**Exercise goal**
In the records below, find the line containing "1. 在商务合作中,银行流水" and transcribe it and every line after it exactly; leave the pictures out.
____ Extracted information
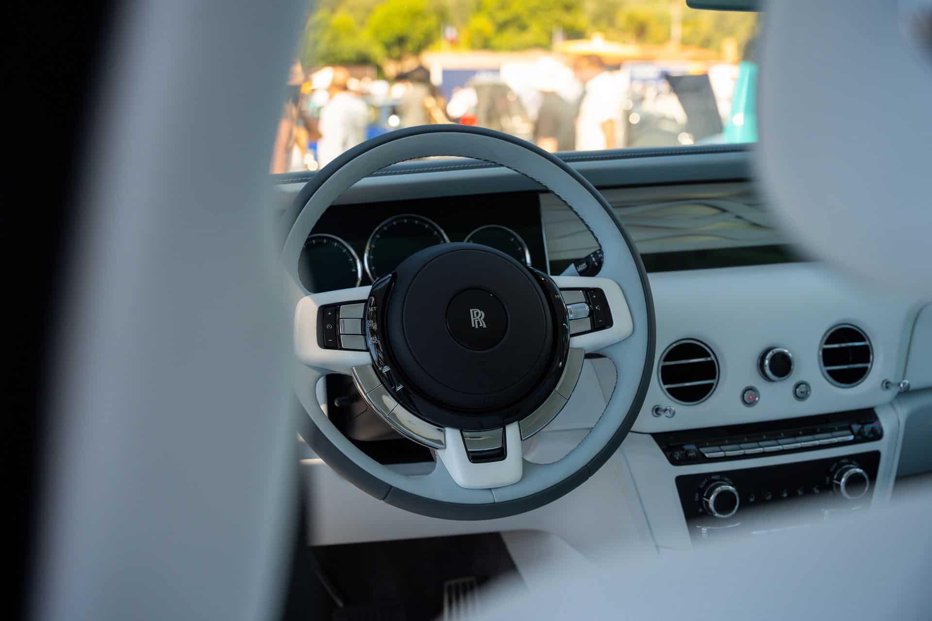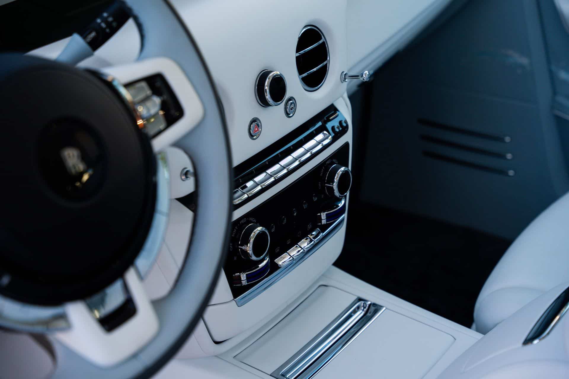 The exterior of the Phantom Scintilla features a two-tone Andalusian White and Thracian Blue finish, symbolizing the Mediterranean waters that inspired the original Spirit of Ecstasy. Rolls-Royce has pushed boundaries with new materials, introducing a ceramic finish on the Spirit of Ecstasy mascot, which emulates the translucence of fine marble.
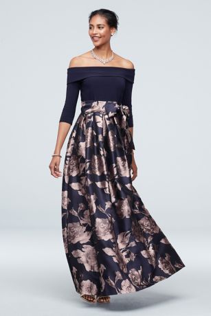 Off The Shoulder Gown With Jacquard Floral Skirt David S Bridal
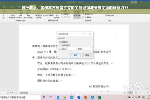 1. 在商务合作中,银行流水可作为证明双方合作情况的关键证据,确保双方按照合同约定履行经济义务。
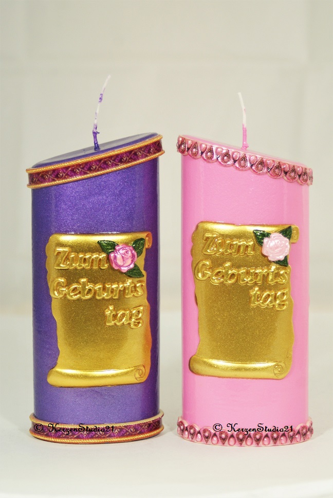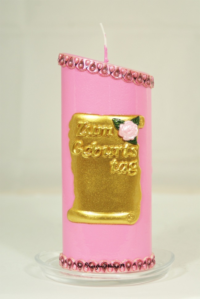 Die Kerze ist verziert einer rosafarbenen Wachsbordüre, Wachsauflage "Schriftrolle", Blattgrün, kleiner rosafarbenen Rosenblüte und Wachsschriftzug "Zum Geburtstag". Auf der Schriftrolle wurde Platz gelassen für die Lebensjahreszahl. Bitte geben Sie die Jahreszahl im Bestellvorgang im Kommentarfeld an. Falls nichts angegeben ist, wird die Kerze wie abgebildet geliefert.
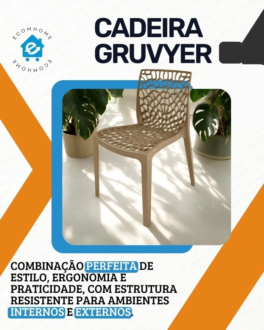 A Cadeira Gruvyer da EcomHome é a escolha ideal para quem busca um móvel versátil, resistente e com um design inovador. Transforme seu ambiente com um toque de modernidade e elegância.
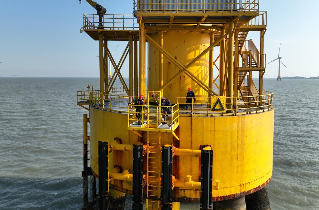 بوتيان 22 يناير 2025 (شينخوا) في الصور الملتقطة يوم 19 يناير 2025، عمال يعملون في القواعد الأساسية لتوربينات الرياح البحرية في خليج بينغهاي بمدينة بوتيان في مقاطعة فوجيان بجنوب شرقي الصين. وشهدت صناعة توليد طاقة الرياح البحرية تطورات سريعة في الصين، مما يتطلب أعمال الفحص والصيانة الدائمة لضمان التشغيل السلس لهذه الآلات الضخمة.■
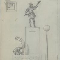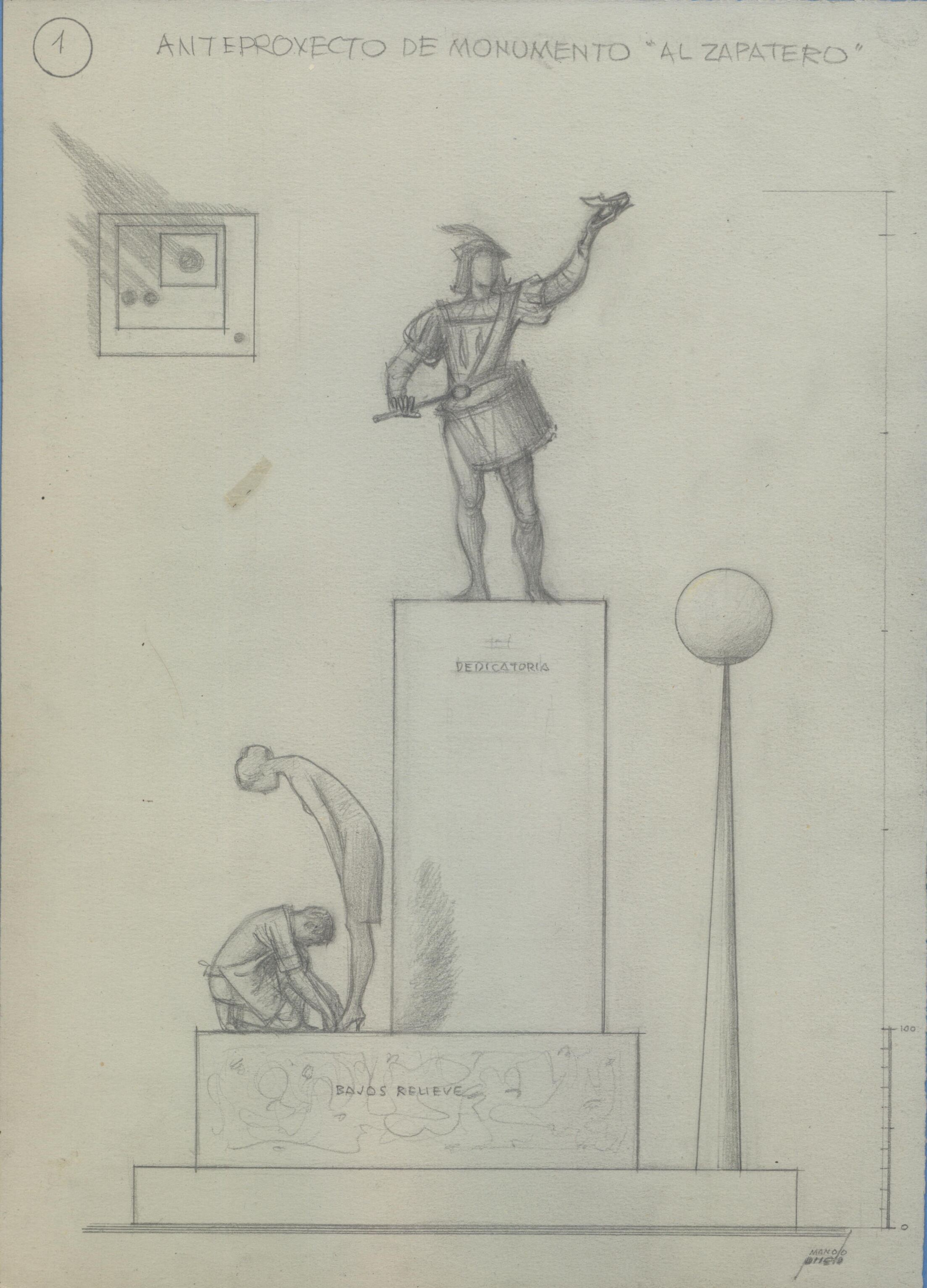 - Boceto a lápiz de un anteproyecto al monumento al zapatero, en cuya peana principal se levanta la figura de un caballero de época con un tambor y en su mano sostiene un zapato, junto a la imagen de una mujer que observa como un zapatero coge medidas de sus zapatos.
________
**Output for this task**
 1. 在商务合作中,银行流水可作为证明双方合作情况的关键证据,确保双方按照合同约定履行经济义务。
 Die Kerze ist verziert einer rosafarbenen Wachsbordüre, Wachsauflage "Schriftrolle", Blattgrün, kleiner rosafarbenen Rosenblüte und Wachsschriftzug "Zum Geburtstag". Auf der Schriftrolle wurde Platz gelassen für die Lebensjahreszahl. Bitte geben Sie die Jahreszahl im Bestellvorgang im Kommentarfeld an. Falls nichts angegeben ist, wird die Kerze wie abgebildet geliefert.
 A Cadeira Gruvyer da EcomHome é a escolha ideal para quem busca um móvel versátil, resistente e com um design inovador. Transforme seu ambiente com um toque de modernidade e elegância.
 بوتيان 22 يناير 2025 (شينخوا) في الصور الملتقطة يوم 19 يناير 2025، عمال يعملون في القواعد الأساسية لتوربينات الرياح البحرية في خليج بينغهاي بمدينة بوتيان في مقاطعة فوجيان بجنوب شرقي الصين. وشهدت صناعة توليد طاقة الرياح البحرية تطورات سريعة في الصين، مما يتطلب أعمال الفحص والصيانة الدائمة لضمان التشغيل السلس لهذه الآلات الضخمة.■
 - Boceto a lápiz de un anteproyecto al monumento al zapatero, en cuya peana principal se levanta la figura de un caballero de época con un tambor y en su mano sostiene un zapato, junto a la imagen de una mujer que observa como un zapatero coge medidas de sus zapatos.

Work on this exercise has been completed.